The second molecule which our current experiment identified as a potential major player in the induction of AIA was CCL2, which was highly elevated in serum of AIA rats during the preclinical stage of disease progression. CCL2 is chemotactic for monocytes and T cells, and it has been detected at high levels in synovial fibroblasts from RA patients [64], especially in response to IL-1 and TNFα. Presumably, the main function of CCL2 during the preclinical stage of AIA will be to recruit circulating monocytes to become tissue macrophages within the joint. This premise is supported by the increased absolute number of monocytes within the circulation (Fig 2a) as well as local lymph nodes (Fig. 3) and the spleen (Fig. 2b) long before AIA onset.

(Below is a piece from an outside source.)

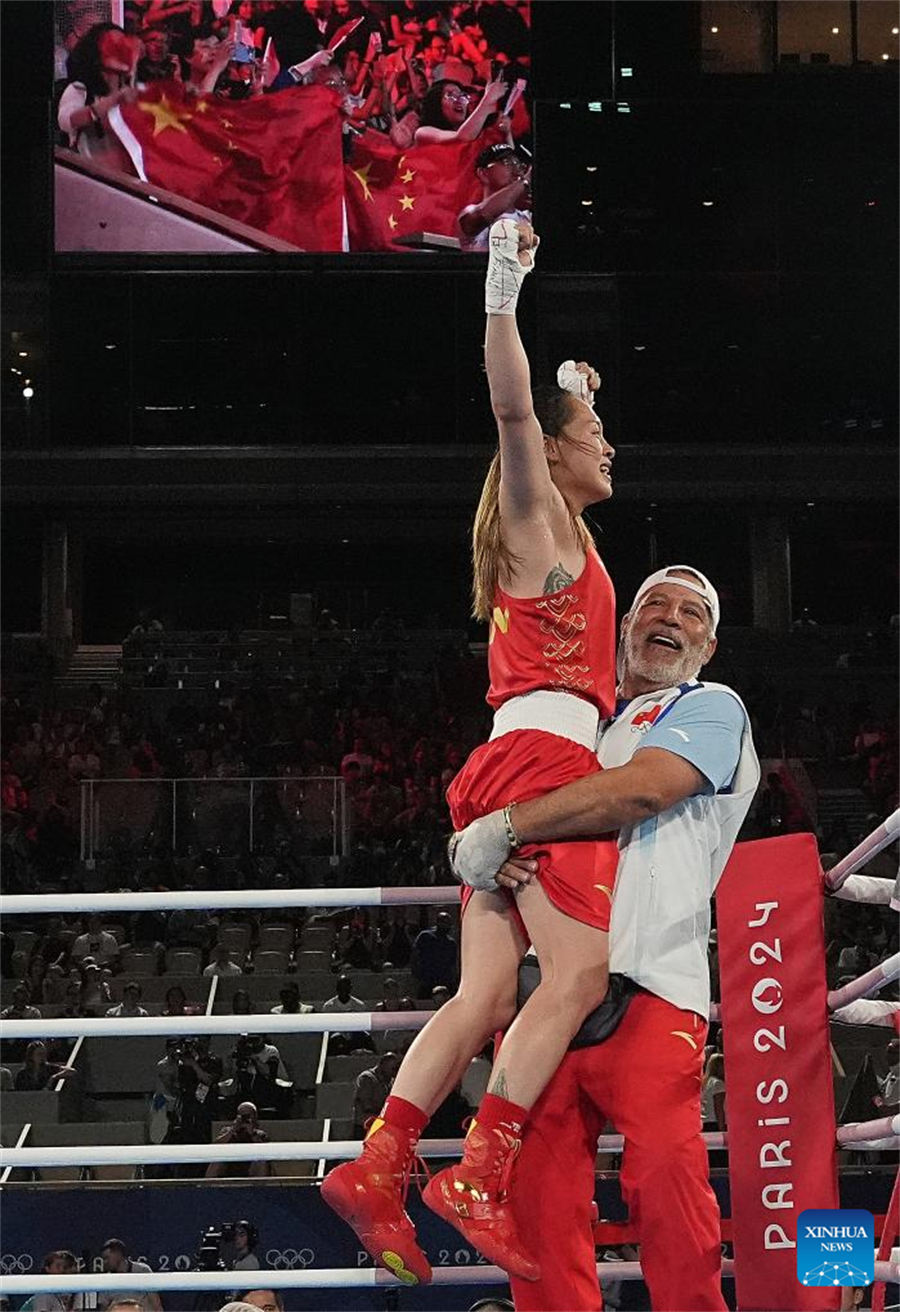 Chang Yuan de China festeja con su entrenador después de derrotar a Hatice Akbas de Turquía en la final de 54kg femenino de boxeo en los Juegos Olímpicos de París 2024, en París, Francia, el 8 de agosto de 2024. (Xinhua/Jiang Wenyao)

Our demonstration that (1) levels of many mediators other than IL-1 and TNFα [10, 12, 57, 65] undergo pronounced alterations over time before and during AIA and that (2) the chemokine/cytokine availability in local and systemic compartments is divergent (Table II) strongly implies that cytokine action is partitioned in both time and space. For example, IL-1α was found only in joints, while TNFα and PGE2 were elevated only in serum. Some molecules were accentuated chiefly during the early phases of AIA evolution (e.g., CCL2, IL-1α, IL-1β, IL-6, and KC/GRO in joints; IL-17, CCL-2, IFN-γ, IL-6, and KC/GRO in serum), others were found most prominently during the later periods (e.g., IL-1β in serum), and still others exhibited either intermittent spikes or relatively consistent elevations that compassed the entire study (e.g., IL-18 and TNFα in serum). Presumably, arthritis is driven mainly by soaring tissue levels of pro-inflammatory mediators, while systemic inflammation is impelled by amplified circulating levels. This supposition, if true, implicates IL-1 (both forms), IL-6, IL-17, CCL2, and possibly KC/GRO as the key local signals for inciting joint lesions in AIA. Previous work implicating IL-18 [26] and TNFα [54] as possible mediators in rheumatoid arthritis suggests that these two molecules should receive further study as potential players in AIA, even though they were not detected in afflicted joints in this study.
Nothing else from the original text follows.